- _Work order_: Please transcribe all of the entries exactly, leaving out any images.

- _Input data_:
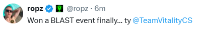 Robin Kool | ropz:终于赢下一个BLAST赛事的冠军了,谢谢Vitality。
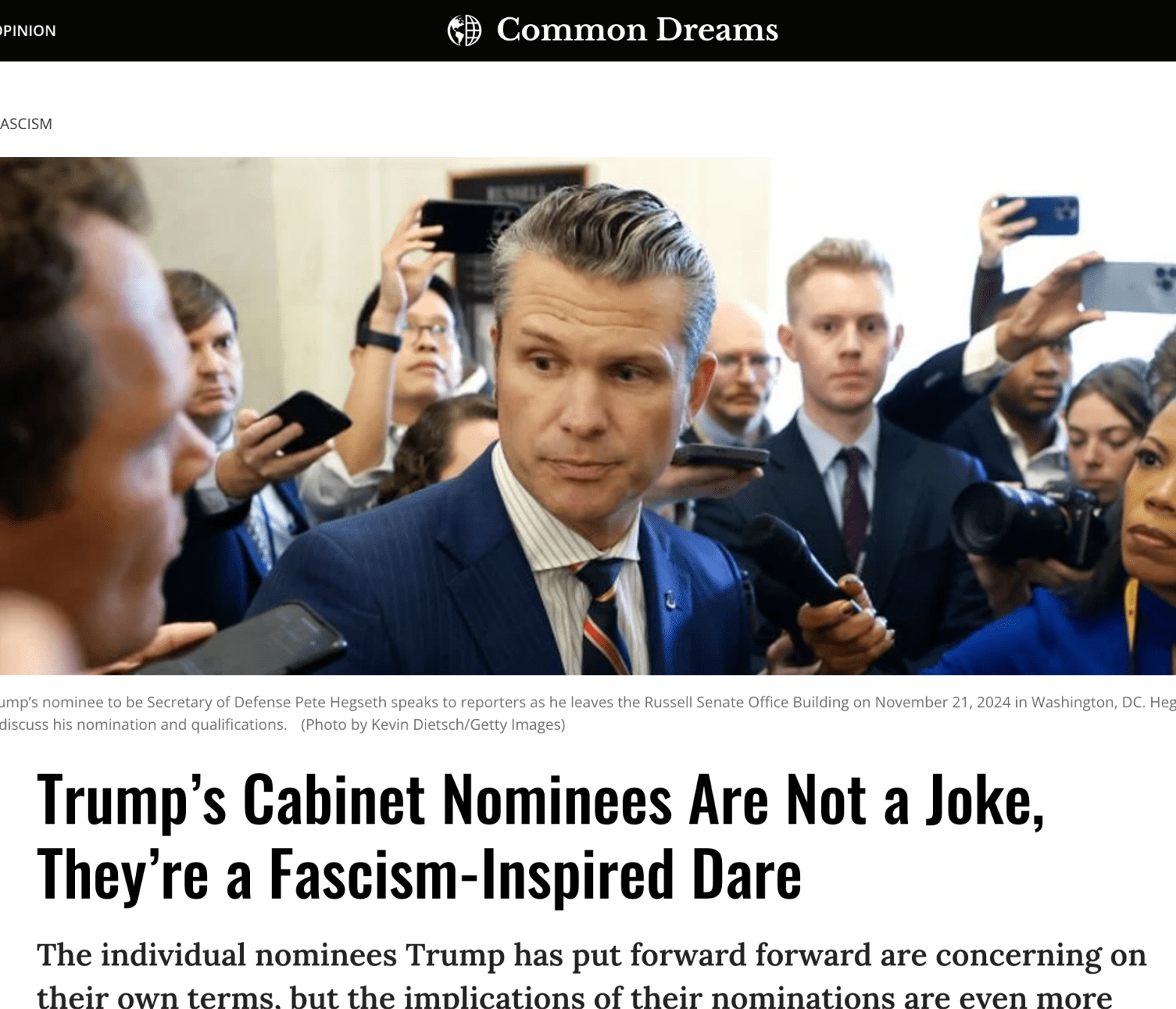 As a professor of rhetoric who studies Nazism, fascism, and demagoguery, I’ve watched Trump’s cabinet picks with mounting unease. The majority of them are so egregiously unfit for the offices they’re nominated to run, it seems like a perverse joke. Read the rest at: https://www.commondreams.org/opinion/trump-cabinet-fascism
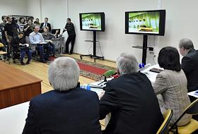 Члены Центральной избирательной комиссии (ЦИК) России во время просмотра видеозаписи с избирательных участков Астрахани в день выборов мэра.
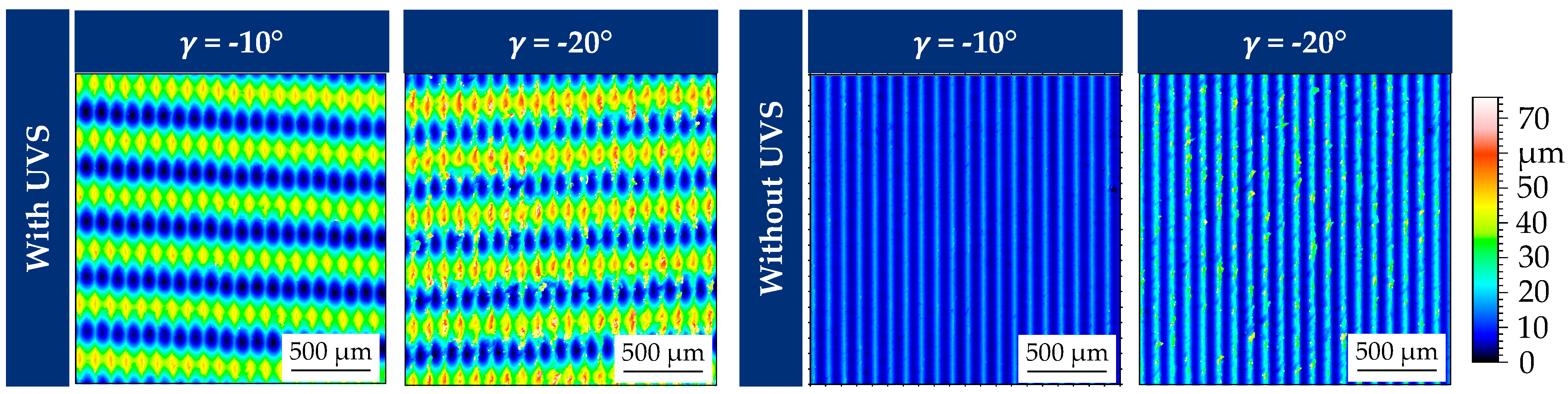 For machining without UVS, there is only a small difference between Sa and Spk values determined for the simulated and machined surfaces. For the machined surfaces, all determined values are higher in the case of UVSM compared to machining without UVS, which is explained by the additional peak-valley profile in the cutting direction, depending on the machining parameters, and the formation of burr.
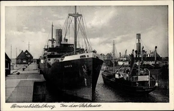 Ak Brunsbüttelkoog Brunsbüttel in Dithmarschen, Schleuse, Dampfer Draco
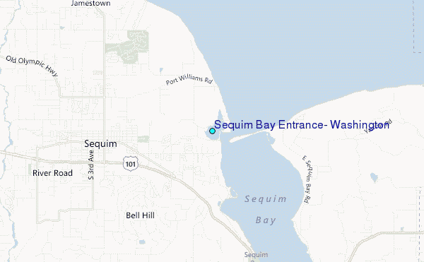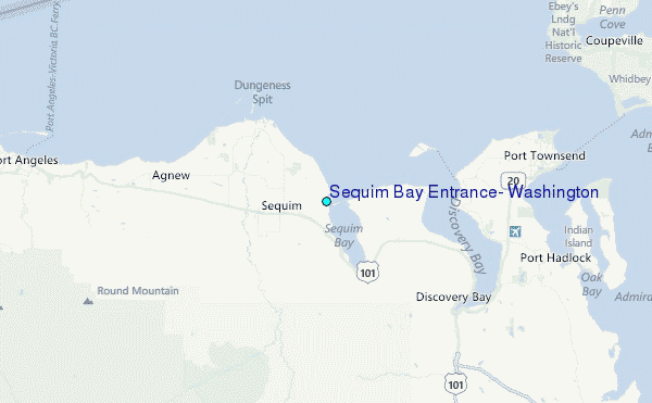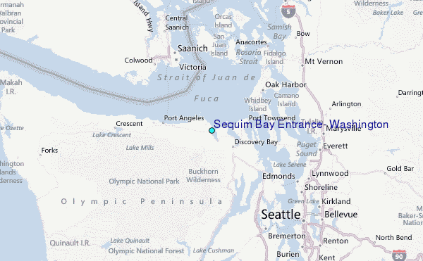 Use this relief map to navigate to tide stations, surf breaks and cities that are in the area of Sequim Bay Entrance, Washington.
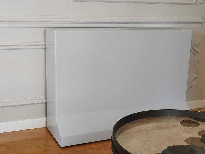 Acabamos de instalar en este domicilio del centro de Madrid dos muebles lacados blancos mate, de 140cm de largo, uno para la sala de estar y otro para un dormitorio.
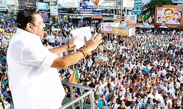 அதிமுக பொதுச்செயலாளர் எடப்பாடி பழனிசாமி, "மக்களை சந்திப்போம் தமிழகத்தை காப்போம்" என்னும் சுற்றுப்பயணம் மேற்கொண்டுள்ளார். அந்த வகையில் இன்று சிவகங்கை மாவட்டம் காரைக்குடியில் மக்களை சந்தித்து பரப்புரை செய்தார். அப்போது அவர் பேசியதாவது;
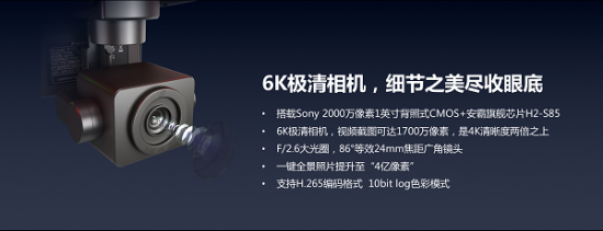 同时,VR6 X支持更先进的H.265编码,最大码流100mps,支持在10bit log色彩模式下录制6K 30fps、4K 60 fps、1080p 120fps的高规格视频。还升级了更先进的动力系统,静音型螺旋桨设计,更高效率电机,续航竟高达40分钟!
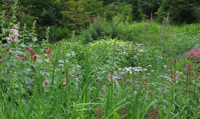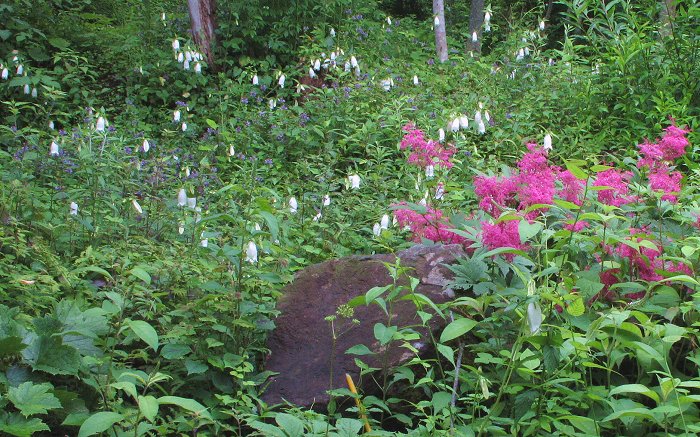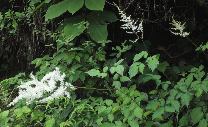 日曜日 (晴れ) ようやくに 背の痛みが薄れてようやく動けられるようになった。 でも軽い動きしか出来ず背中の筋肉は使えない。 使うとそこがピリッと痛いから。 それでも昨日今日と2回吉和の花の里と山の別荘地に行った。 花の里は京鹿の子は終わってノコギリ草やタチアオイ、シャスターデージー、クガイソウ、宿根ナデシコ、クレマチス 、シモツケ、アザミ等が咲いていた。 ![]() 花の里の花たち ほぼ1月ほっておいたのと、この雨続きで花壇は茂りに茂り、また雑草も交じり大賑わい。 花壇の中の樹木も大いに茂って宿根草たちに陽が当たりにくい位である。 まあこれからの真夏の太陽を防ぐには今位が良いかもとは思う。 山の別荘地に行くと道の両側は雑草が伸びて茂り車が走りにくい位であった。 また私の体は本格的に回復していないので見ないふりをして野草園に行った。 そこは一月前とは大違いで歩道の周りはウツボグサやホタルブクロの花が埋め尽くされていて歩けもしない。 ![]() うつぼ草と蛍袋と京鹿の子 ![]() うつぼ草 それで別の歩道を仮に草刈りして足を踏み入れた。 ここではまだ京鹿の子が濃いピンク色をして満開で綺麗。 また道の斜面や野草園の中に鳥足升麻の白い穂状の花が沢山咲いていた。 匂いをかぐとほんのりと良い香りがした。 ![]() 鳥足升麻 キリン草の黄色い花はぼちぼちと開花。 野草園から道の上の部分には山紫陽花が満開で梅雨らしい。 ![]() 他の花はこれからという状態でどれもこの雨で良く育っていた。 冬に倒れたオノエヤナギの枝を歩道と栽培地の境に突き刺して動物よけにしていたら、不思議?芽を伸ばしていた。 道の木の茂みの葉にはあちこちと蛾が止まっていて見ても美しい。 大きいのやら小さいのやら様々で面白く興味をひいた。 野鳥は気持ちが良いのか色々と鳴いていた。 クロツグミも本格的に鳴いている。 ウグイスやホトトトギスも。 やはり自然の良さは様々の生き物や植物がその特性を発揮して見せて呉れる事かなと思った。 帰りに花の里のラドンの湯に入るとなにか体調が戻る気がして気持ちも良かった。 気温は前の日は13度位でコタツを使用したが今日は23度位で丁度良い感じであった。 帰りの太陽が沈んだ位の渓流には茶色のカワゲラの成虫が沢山舞っていた。 風も無いし気温も丁度良いのであろう。 ホタル見物の人もぼちぼち渓流沿いに来ていた。 そうそう山は日向水木の白い花やマタタビの白い葉が見える位で緑一杯の状況であった。 日記前のページへ 日記次のページへ 日記の最初の目次ページへ 花図鑑ホーム |

- _Result of the exercise_:
 Robin Kool | ropz:终于赢下一个BLAST赛事的冠军了,谢谢Vitality。
 As a professor of rhetoric who studies Nazism, fascism, and demagoguery, I’ve watched Trump’s cabinet picks with mounting unease. The majority of them are so egregiously unfit for the offices they’re nominated to run, it seems like a perverse joke. Read the rest at: https://www.commondreams.org/opinion/trump-cabinet-fascism
 Члены Центральной избирательной комиссии (ЦИК) России во время просмотра видеозаписи с избирательных участков Астрахани в день выборов мэра.
 For machining without UVS, there is only a small difference between Sa and Spk values determined for the simulated and machined surfaces. For the machined surfaces, all determined values are higher in the case of UVSM compared to machining without UVS, which is explained by the additional peak-valley profile in the cutting direction, depending on the machining parameters, and the formation of burr.
 Ak Brunsbüttelkoog Brunsbüttel in Dithmarschen, Schleuse, Dampfer Draco
 Use this relief map to navigate to tide stations, surf breaks and cities that are in the area of Sequim Bay Entrance, Washington.
 Acabamos de instalar en este domicilio del centro de Madrid dos muebles lacados blancos mate, de 140cm de largo, uno para la sala de estar y otro para un dormitorio.
 அதிமுக பொதுச்செயலாளர் எடப்பாடி பழனிசாமி, "மக்களை சந்திப்போம் தமிழகத்தை காப்போம்" என்னும் சுற்றுப்பயணம் மேற்கொண்டுள்ளார். அந்த வகையில் இன்று சிவகங்கை மாவட்டம் காரைக்குடியில் மக்களை சந்தித்து பரப்புரை செய்தார். அப்போது அவர் பேசியதாவது;
 同时,VR6 X支持更先进的H.265编码,最大码流100mps,支持在10bit log色彩模式下录制6K 30fps、4K 60 fps、1080p 120fps的高规格视频。还升级了更先进的动力系统,静音型螺旋桨设计,更高效率电机,续航竟高达40分钟!
 日曜日 (晴れ) ようやくに 背の痛みが薄れてようやく動けられるようになった。 でも軽い動きしか出来ず背中の筋肉は使えない。 使うとそこがピリッと痛いから。 それでも昨日今日と2回吉和の花の里と山の別荘地に行った。 花の里は京鹿の子は終わってノコギリ草やタチアオイ、シャスターデージー、クガイソウ、宿根ナデシコ、クレマチス 、シモツケ、アザミ等が咲いていた。 ![]() 花の里の花たち ほぼ1月ほっておいたのと、この雨続きで花壇は茂りに茂り、また雑草も交じり大賑わい。 花壇の中の樹木も大いに茂って宿根草たちに陽が当たりにくい位である。 まあこれからの真夏の太陽を防ぐには今位が良いかもとは思う。 山の別荘地に行くと道の両側は雑草が伸びて茂り車が走りにくい位であった。 また私の体は本格的に回復していないので見ないふりをして野草園に行った。 そこは一月前とは大違いで歩道の周りはウツボグサやホタルブクロの花が埋め尽くされていて歩けもしない。 ![]() うつぼ草と蛍袋と京鹿の子 ![]() うつぼ草 それで別の歩道を仮に草刈りして足を踏み入れた。 ここではまだ京鹿の子が濃いピンク色をして満開で綺麗。 また道の斜面や野草園の中に鳥足升麻の白い穂状の花が沢山咲いていた。 匂いをかぐとほんのりと良い香りがした。 ![]() 鳥足升麻 キリン草の黄色い花はぼちぼちと開花。 野草園から道の上の部分には山紫陽花が満開で梅雨らしい。 ![]() 他の花はこれからという状態でどれもこの雨で良く育っていた。 冬に倒れたオノエヤナギの枝を歩道と栽培地の境に突き刺して動物よけにしていたら、不思議?芽を伸ばしていた。 道の木の茂みの葉にはあちこちと蛾が止まっていて見ても美しい。 大きいのやら小さいのやら様々で面白く興味をひいた。 野鳥は気持ちが良いのか色々と鳴いていた。 クロツグミも本格的に鳴いている。 ウグイスやホトトトギスも。 やはり自然の良さは様々の生き物や植物がその特性を発揮して見せて呉れる事かなと思った。 帰りに花の里のラドンの湯に入るとなにか体調が戻る気がして気持ちも良かった。 気温は前の日は13度位でコタツを使用したが今日は23度位で丁度良い感じであった。 帰りの太陽が沈んだ位の渓流には茶色のカワゲラの成虫が沢山舞っていた。 風も無いし気温も丁度良いのであろう。 ホタル見物の人もぼちぼち渓流沿いに来ていた。 そうそう山は日向水木の白い花やマタタビの白い葉が見える位で緑一杯の状況であった。 日記前のページへ 日記次のページへ 日記の最初の目次ページへ 花図鑑ホーム |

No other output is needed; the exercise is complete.